= Color in Informatics and Media Technology =

Master's degree programme

CIMET Logo

== What is CIMET? ==
Color in Informatics and Media Technology is a European Commission funded two-year Erasmus Mundus master's degree programme offered since 2008 by a consortium of universities, including the University of Granada, Spain, the Jean Monnet University, France, the University of Joensuu, Finland, and the Gjøvik University College, Norway. The focus of this Erasmus Mundus programme lies in the innovative research and course work via trans-European mobility schemes.

== The master course==
The CIMET Master programme covers a wide range of areas such as color, photonics, computer vision and imaging science, computer science and multimedia technology. The programme objective is to educate students in advanced methodologies and models in computational color science.
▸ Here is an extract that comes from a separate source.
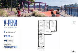 Продаётся 3-комнатная квартира общей площадью 75.90 м² с предчистовой отделкой в ЖК "У реки. Эко Видное 2.0" на 14-м этаже 17 этажного корпуса Левитан.

CIMET offers three areas of specialization: color imaging science, spectral color science and multimedia technology.

==Mobility==
Mobility is inherent to the CIMET programme; from northern to southern Europe, students approach varied studying, working and living environments challenging their adaptation, organizational and language skills.

==Language policy==
English is the official language of instruction and examination for CIMET. However, students are strongly recommended to take some mandatory host country language courses during their studies.

==Associated laboratories==
1. The Norwegian Color Research Laboratory
2. Color Imaging laboratory-At University of Granada Spain
3. InFotonics Center at Joensuu
4. Hubert Curien Laboratory at University of Jean Monnet.

==Industrial Collaboration==
The master program has collaborations with industry mainly via summer internship and masters thesis positions.